厄介払いはされたわけでなんと返事をしたものか、エステルは困った。だいたい手もとを誤って鉛筆を落とさなければあそこまで危険な目には遭わずにすんだはずなのである。あたふた説明を試みたがルドの眉間の皺はさらに深まった。
「ではきみは自ら危険に飛び込んだというわけか」
「そうなります。というのも、――聞いてください。あの大きなゼボデムイルが不眠の呪いの源泉で、しかもこの回転扉式の一枚鏡、クショフレール大公国を覆う呪いの術式が裏面に刻まれているんです」
「なんだと?」
「見ていただくのが早いかと」
わっせ、と一枚鏡を押して
ぐる、ん。
回転させた。
「すごいことになっているな」
「んもおおお」
術式が刻まれている一枚鏡の裏面は、大砂龍の粘液でどろどろになっている。エステルはルドとともに水をざぱざぱかけ、デッキブラシでごしごしこすって汚れを落とした。
「これが不眠の呪いの術式か」
「全部ではありません。術式の続きが縲緤獄の壁に刻まれていました。鏡の裏面とその続きが勘合符のように合わさることで、大砂龍が発する呪いを外に逃がす魔法が発動する仕組みです」
「掃除のたびに回転させて魔法を発動させていたということか」
「そのとおりです。見てください」
エステルは腰の鞄から取り出したメモ帳を広げた。
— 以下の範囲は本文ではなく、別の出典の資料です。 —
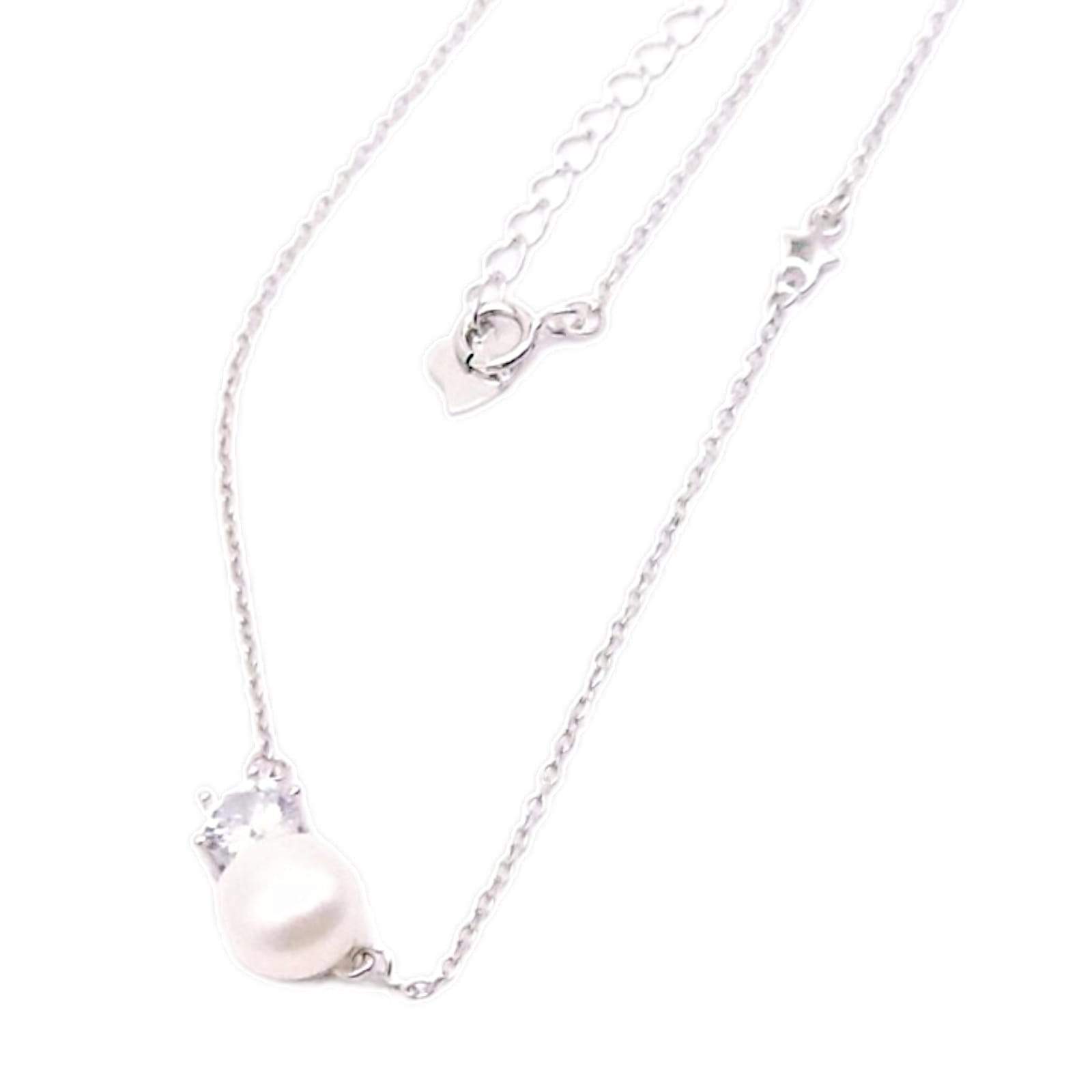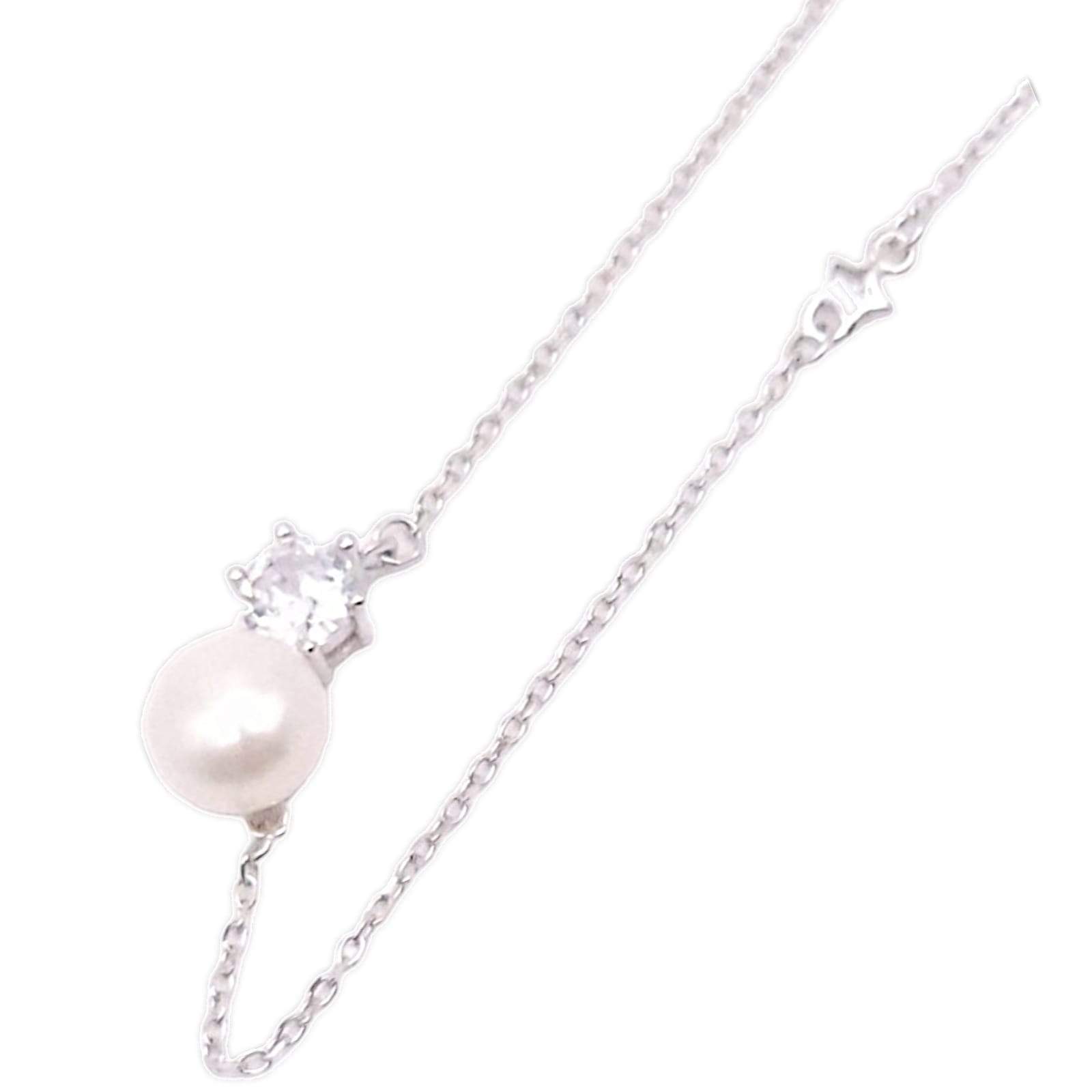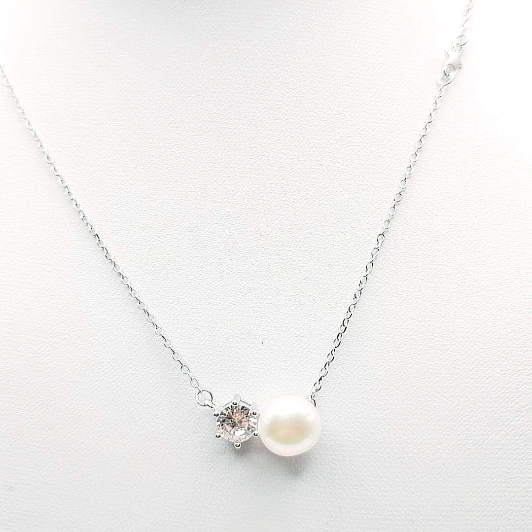 GARGANTILLA PERLA DE RIO REDONDA CON UNA CIRCONIA BLANCA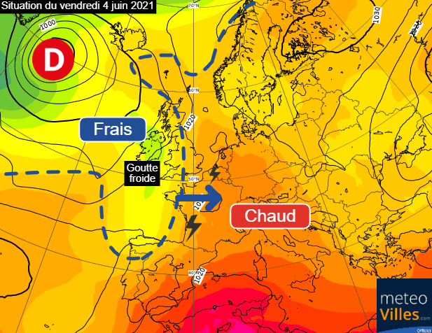 La goutte froide ondulant auparavant sur l’Atlantique s’est avancée de façon plus franche sur la France dès ce jeudi 3 juin au soir, induisant une instabilité croissante à l’avant, des Pyrénées au Nord du pays en raison de l’arrivée de l’air frais en altitude.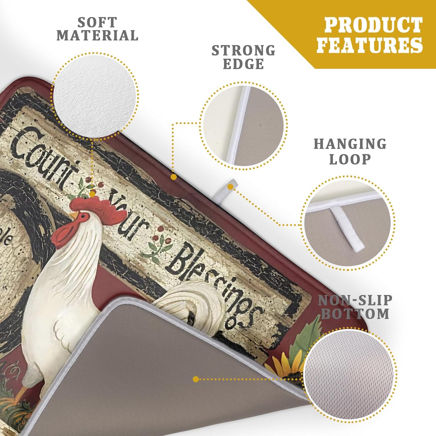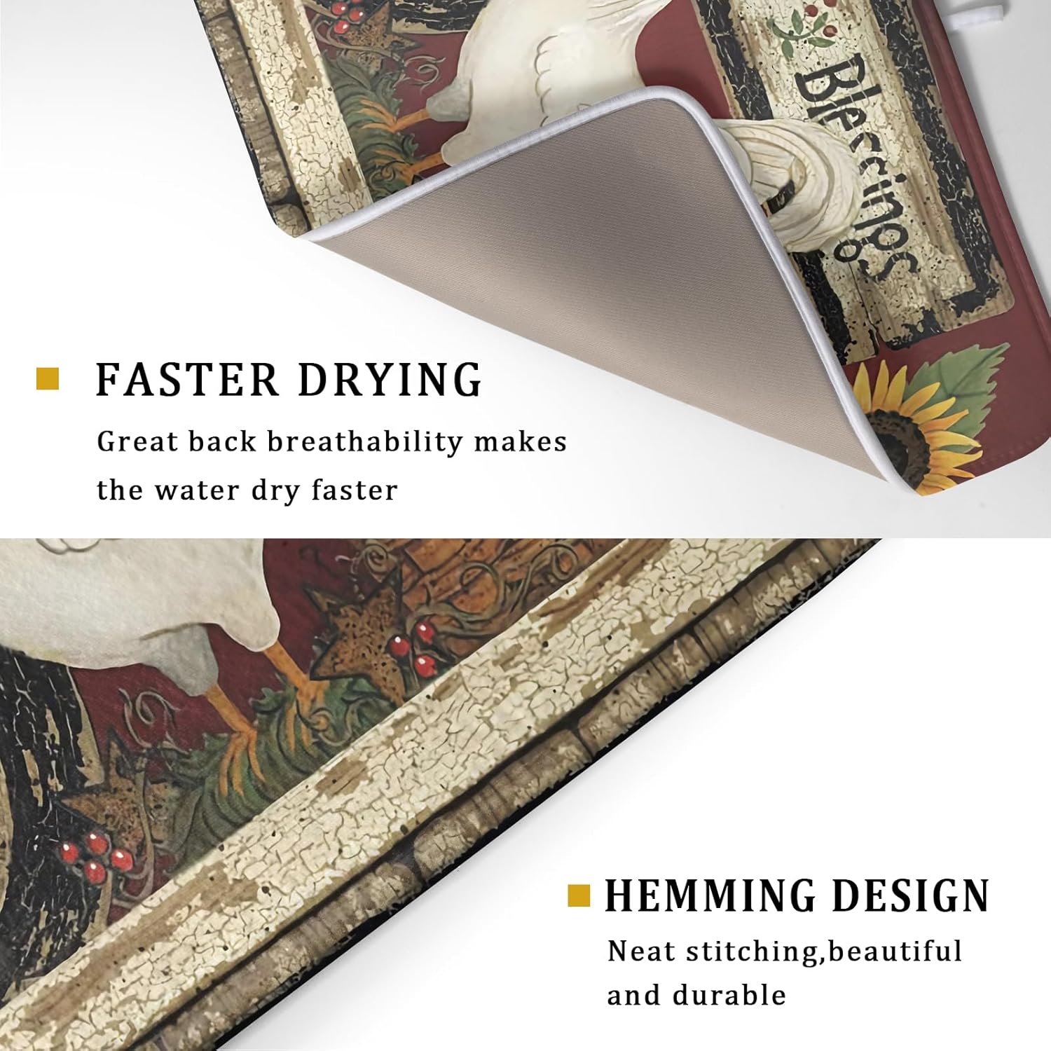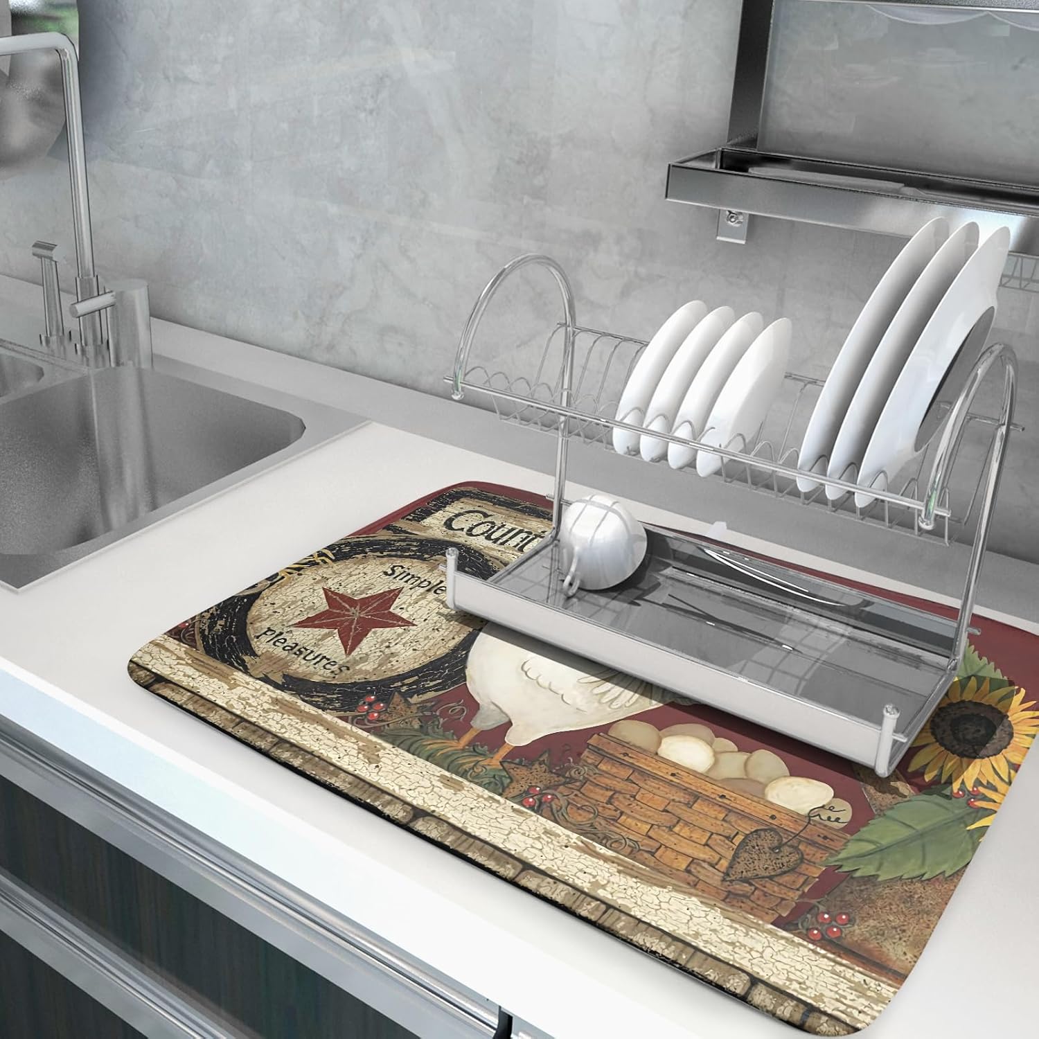 Giwawa Vintage Rooster Dish Drying Mat for Countertop, 18"x24" Farmhouse Chicken Dish Drainer Mats, Rustic Country Style Fast Drying Microfiber Dish Drying Pad Kitchen Accessories Decor Large
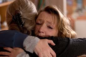 A deeply pessimistic note is set during the film’s prologue. A very sour-faced woman (Imelda Staunton) is having trouble sleeping and has gone to her local clinic for some sleeping tablets. Tanya (Michele Austin), the pregnant doctor tending to her, sees her obvious anger and depression. Tanya writes her a short-term prescription, but suggests she see a counselor at the clinic to get at the underlying cause of her sleeplessness. The counselor turns out to be Gerri. Gerri’s affinity for helping depressives may explain why she and Mary, an administrative assistant at the clinic, have remained friends for 20 years, all through Mary’s financially ruinous divorce and long-term affair and break-up with a married man. But Gerri has an energetic, partying streak in her, as evidenced by a seven-month trip she and Tom took from Australia back to England early in their lives and some hell-raising she remembers when talking with Ken; in the early years of their friendship, Mary would have been a natural fit for Gerri, and their bond seems genuine.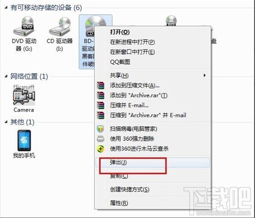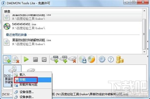 6、右击要挂载的虚拟光驱,在弹出的菜单中选择”卸载”项即可。当然,也可以直接右击“我的电脑”中对应光驱盘符选择“弹出”操作来实现同样的操作;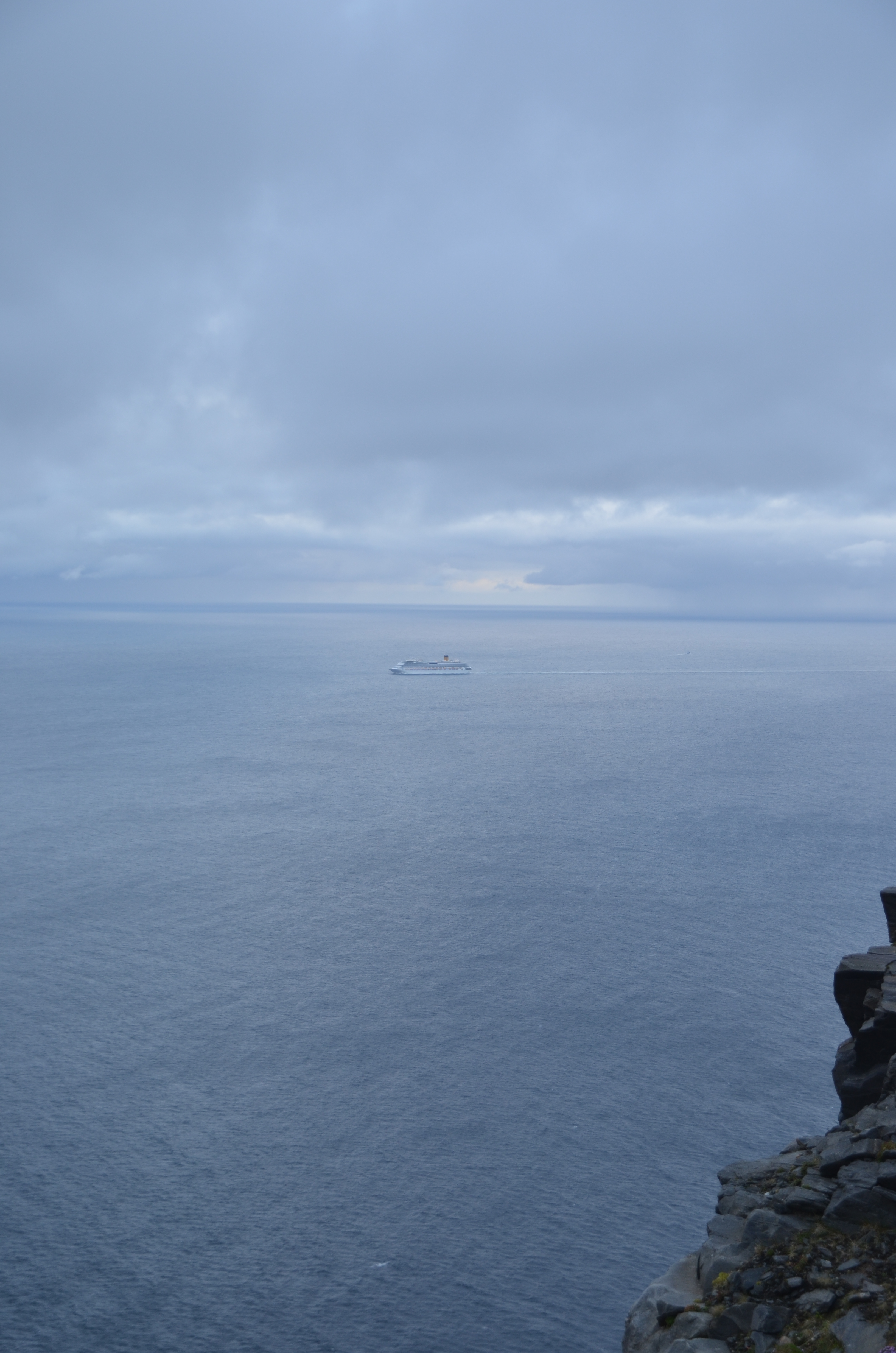 I Honningsvåg stannar Hurtigruten. Här får turisterna åka sista biten med buss upp till Nordspetsen. Här en bild på Hurtigruten som vi lyckades fånga kvällen innan, vid Nordkap. Titta noga. 🙂
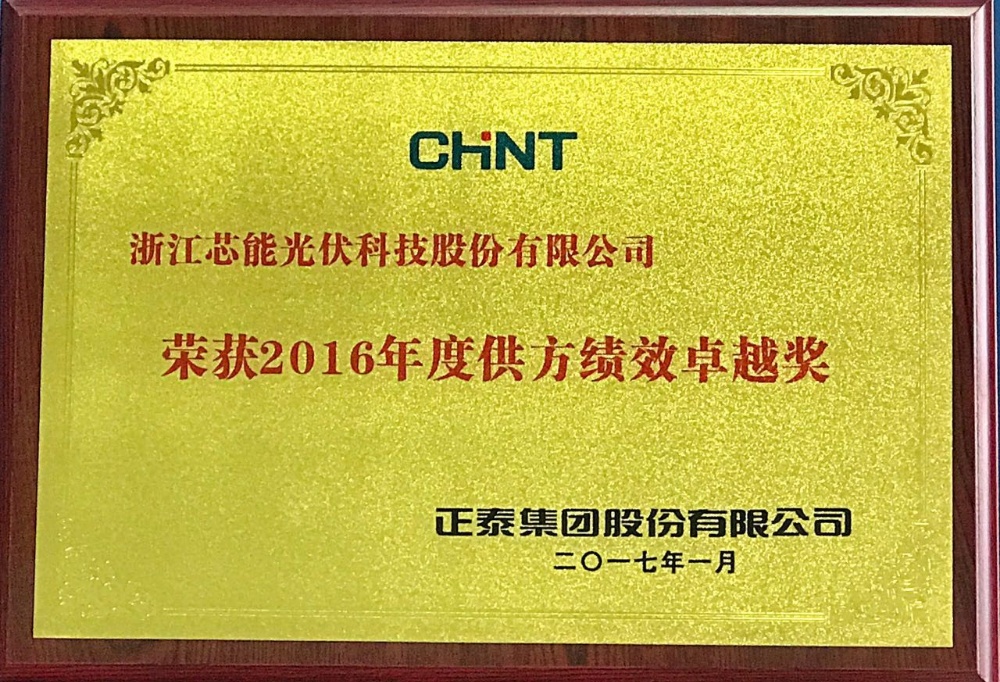 芯能科技获正泰集团颁发2016供方绩效卓越奖

目の前の一枚鏡裏面の術式に加え、縲緤獄の壁に刻まれていた術式の続きも写しとってある。
「壁に刻まれているこの部分が発動される魔法、鏡の裏面に刻まれているのはその魔法が発動される手順です」
「ここニムーブ涸沼とクショフレール大公国の座標に当たる数値が指定されているのか?」
興味深げにルドが巨大な一枚鏡の裏面を眺めた。
「いいえ。指定されているのは距離と角度です。クショフレールで観測される呪いの範囲からして、巨大な円錐のかたちで放射される呪いが我が国のほぼ全土を覆っていると推測できます」
「なるほど……」
「腹が立つのは、鏡を境にしてこちらの魔界が全く呪われていないというだけでなく、この魔法をちゃんと理解している魔術師が残っていないってところです。つまり、魔人たちはここでどんな魔法が発動しているか、知らないんですよ。だから――」
エステルはルドの背中にくくりつけられている抱き枕をちらと見やった。
「魔人たちは、クショフレール大公国の人々がどれだけ枕を大事にしているかも、分かっていないんです」
「ふむ、業腹だな」
ルドは口でいうほど怒っている様子もなく、一枚鏡の裏面とエステルのメモ帳とを見比べ考え込んでいる。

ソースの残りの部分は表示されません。